In the wee hours of the night, the former defence minister might even dream of the Royal Navy's two supercarriers as Britain's enforcers in far-off oceans.
Quick as they can be fitted, I suspect these carriers will be sent to far-off oceans, to the Sea of China, helping the US try to maintain a fragile global dominance in Asia's cauldron as the balance of power shifts eastwards.
Squeezed by the trading power and military muscle of a burgeoning China and a protectionist second-term Trumpian America (oh yes) Britain is going to be tossed on the waves like the balsawood Kon-Tiki raft.
Perhaps Fox can't see that but most other people can. That is why big business, in the form of the CBI, is at last weighing into the Brexit debate, having been as mute as the millennial generation during the actual referendum campaign itself.
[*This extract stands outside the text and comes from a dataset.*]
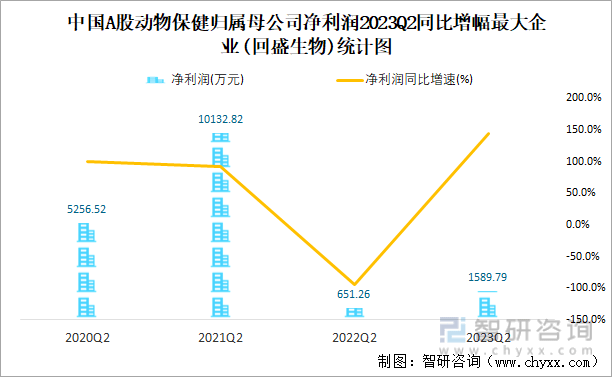中国A股动物保健归属母公司净利润2023Q2同比增幅最大企业(回盛生物)统计图

Last night, the CBI called for a slow transition out of the EU single market and the customs union, for which read business does not want to leave the biggest trading block in the world at all.
Combine that with EU Brexit negotiator Michel Barnier warning the same day that it would be impossible for the UK to have frictionless trade with the EU if it left the single market and the skies darken for Brexiteers.
It may well be that the EU will offer Britain such a bad deal that the economic madness of leaving Europe will become apparent even to the Kool-Aid gang.
It may be that the combination of the awakened youth vote and the influence of business will sway the political mood and that (somehow?) Jeremy Corbyn will see the light on Europe too. Maybe.
A year on from the vote, Brexit still looks like the biggest act of economic self-sabotage a country could inflict on itself. The real patriots are the ones who will carry on saying it.